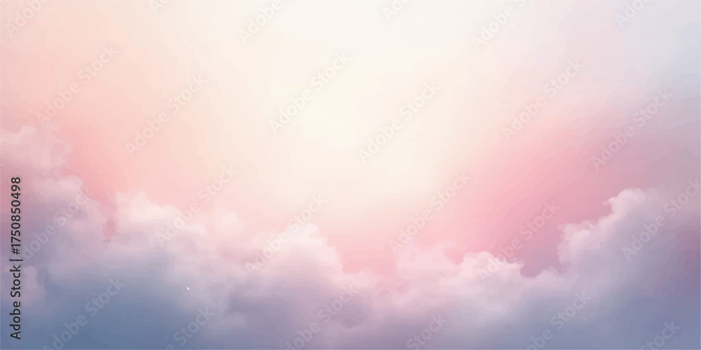 Fotografie Soft pastel pink and blue clouds illuminated by gentle sunlight creating a dream
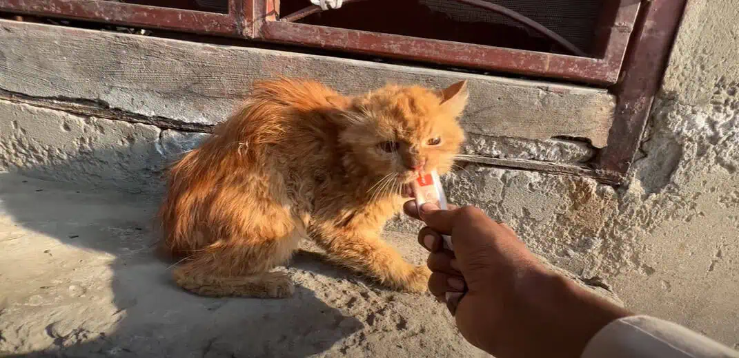 She made no sound of distress, as if she had already accepted her fate. But the stranger refused to walk away. Speaking softly, they approached with patience, offering a warmth the cat hadn’t known in a long time.
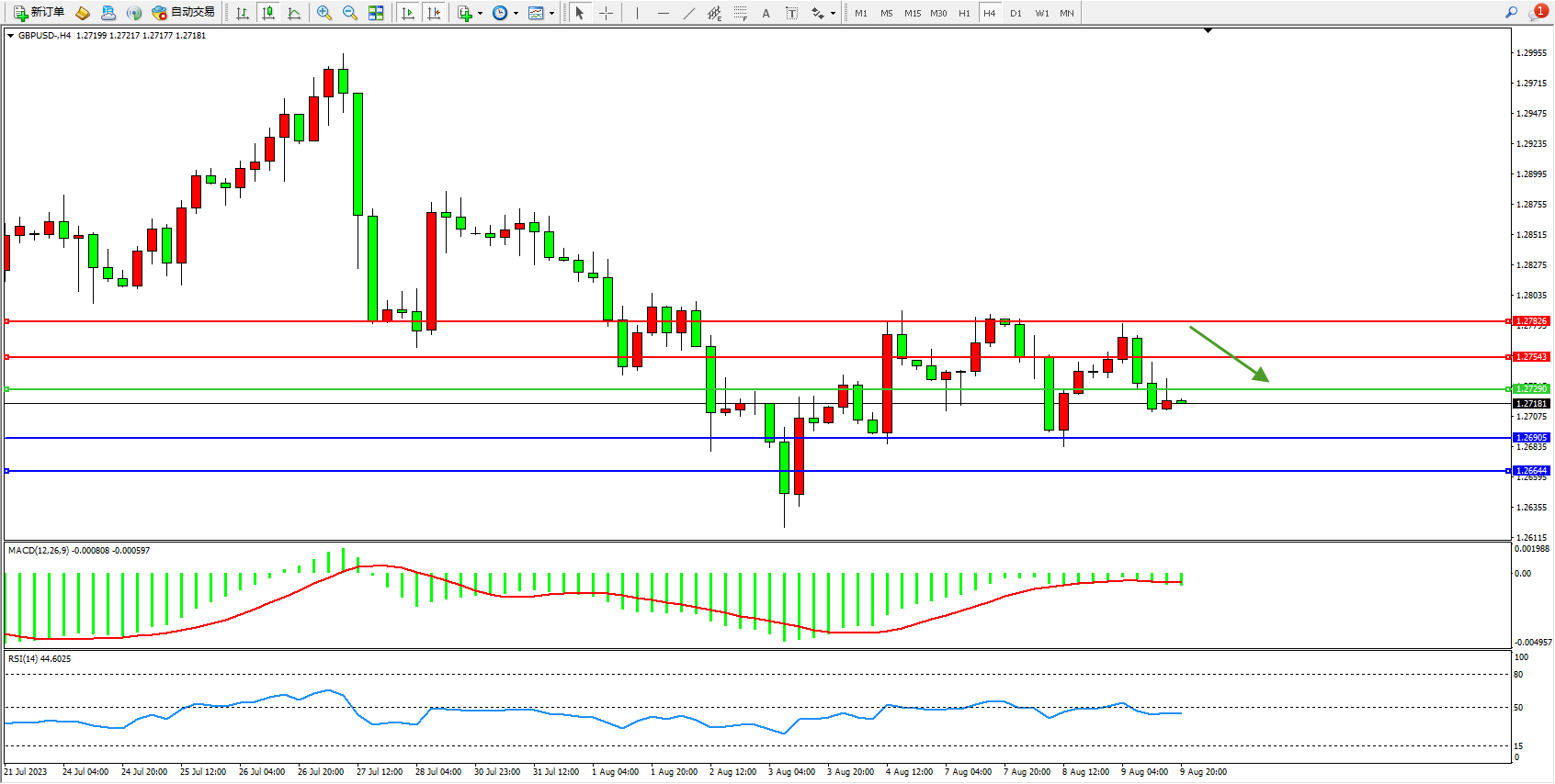 4小时图看:空头动力低位维持震荡向下移动,短期跌势或将延续,市场整体有继续向下移动迹象,MACD指标处于0轴线下侧弱势整理,RSI指标处于50均衡线下侧弱势徘徊;

****

- WHAT TO PRODUCE
Copy the material above in full and exactly, skipping pictures.

- ANSWER BOX
 Fotografie Soft pastel pink and blue clouds illuminated by gentle sunlight creating a dream
 She made no sound of distress, as if she had already accepted her fate. But the stranger refused to walk away. Speaking softly, they approached with patience, offering a warmth the cat hadn’t known in a long time.
 4小时图看:空头动力低位维持震荡向下移动,短期跌势或将延续,市场整体有继续向下移动迹象,MACD指标处于0轴线下侧弱势整理,RSI指标处于50均衡线下侧弱势徘徊;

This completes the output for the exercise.